Indeed, voluntary administration is often not appropriate for many small businesses due to associated financial costs and the hurdle accompanying a director relinquishing control.

The government has responded to this critique and offered an alternative. This alternative comes at a perfect time as directors are, once again, exposed to personal liability for insolvent trading.

The new small business restructuring (SBR) reforms offer a lower cost and far simplified restructure process, critical for small businesses to continue to trade after government assistance such as JobKeeper ceased in March 2021. The reforms add an essential new path that will assist many retailers.

Though there have been only a handful of SBRs to date, and their effectiveness to save businesses is yet to be appropriately evaluated, it is an option to explore in the right circumstances.

Critical Questions Your Business Should Be Asking

The COVID-19 crisis has put a severe strain on many previously successful businesses. Though the government and many advisors are attempting to ensure that they do not collapse, directors and business owners need to be proactive and engage early for them to work.

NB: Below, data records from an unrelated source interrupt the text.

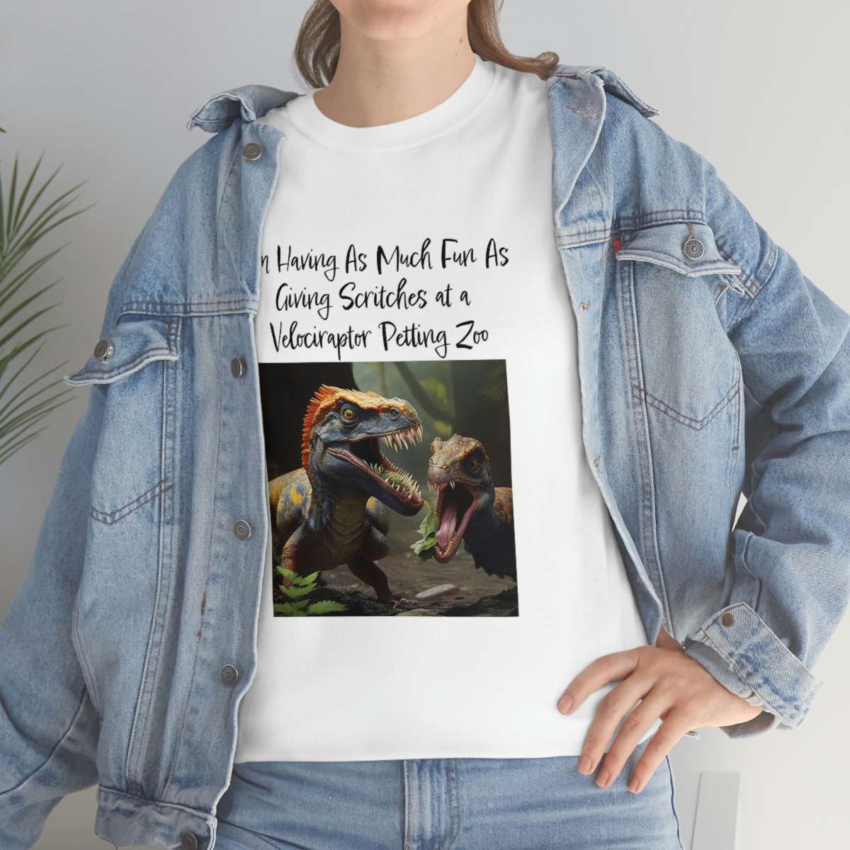 Our Velociraptor Petting Zoo funny unisex heavy cotton t-shirt is welcome in any casual wardrobe. This heavy cotton Velociraptor Petting Zoo t-shirt will get a laugh from friends and family. This humorous Velociraptor Petting Zoo design will spark conversations for years to come. The excellent cotton fibers provide a viable surface for the funny print to shine to its fullest. The under arms of the humorous heavy cotton t-shirt have no side seams which mean comfort while retaining the shape of the garment. The shoulders are taped which make the funny tee more durable. Buy a Velociraptor Petting Zoo funny unisex heavy cotton t-shirt today!
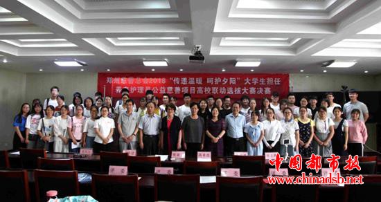 6月23日,由郑州市民政局、郑州慈善总会、郑州市老龄工作委员会办公室、郑州电视台联合举办的“2018‘传递温暖、呵护夕阳’大学生担任养老护理员公益慈善项目高校联动选拔大赛决赛”在郑州慈善总会如火如荼的开展。入选决赛的120名大学生、往届优秀学子、养老机构优秀护工、老人、社会各界爱心人士参加活动。
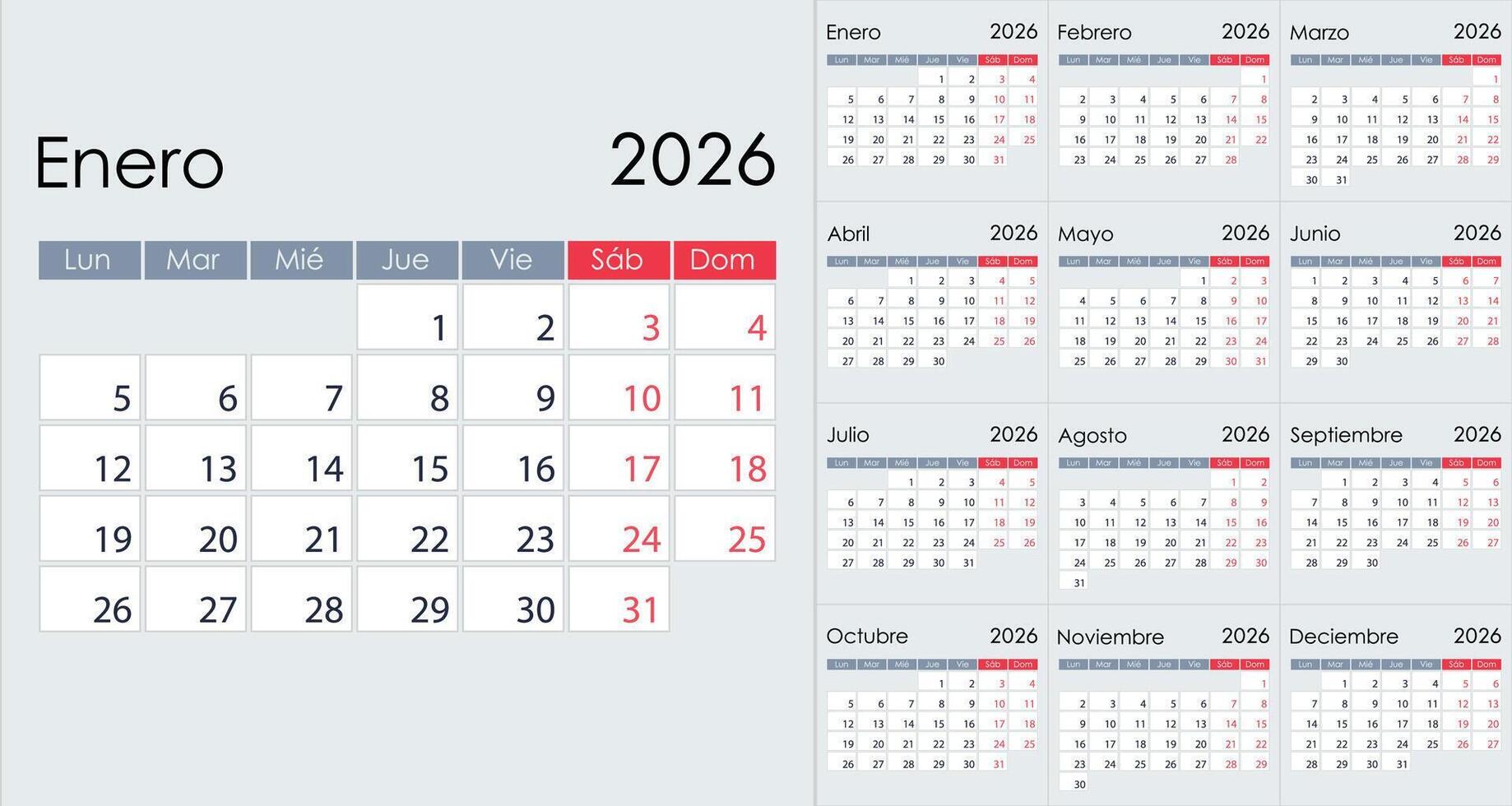 Clean Minimalist 2026 Yearly Calendar Grid Layout, on Spanish language Pro Vector
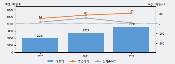최근 실적을 살펴보면 2022년 매출액이 최근 3년 중 가장 높은 실적을 기록했음을 알 수 있다. 이전 최고 실적이었던 2021년 보다도 32.0%(870억 3천만원) 늘어난 것으로 나타났다.
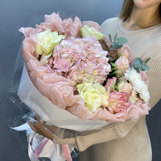 Букет Мечтай! с голубыми гортензиями и эвкалиптом

Often businesses approach liquidators and advisors at the point where their financial problems have become insurmountable, and a liquidation/shutdown is often the only option left. The timing of coming and asking for help can be the difference between a shutdown and the continuation of trading.

With proper preparation and an effective plan that considers all stakeholders, any business should be able to restructure and continue to trade.

If your answer to any of the below questions is yes, you should seek immediate advice from a trusted restructuring advisor.

  1. Am I currently losing money?
  2. Am I finding it hard to pay bills on time?
  3. Have I got old debts that I am finding hard to pay down?
  4. Do I need some breathing space?
  5. Do I have my ‘head in the sand’?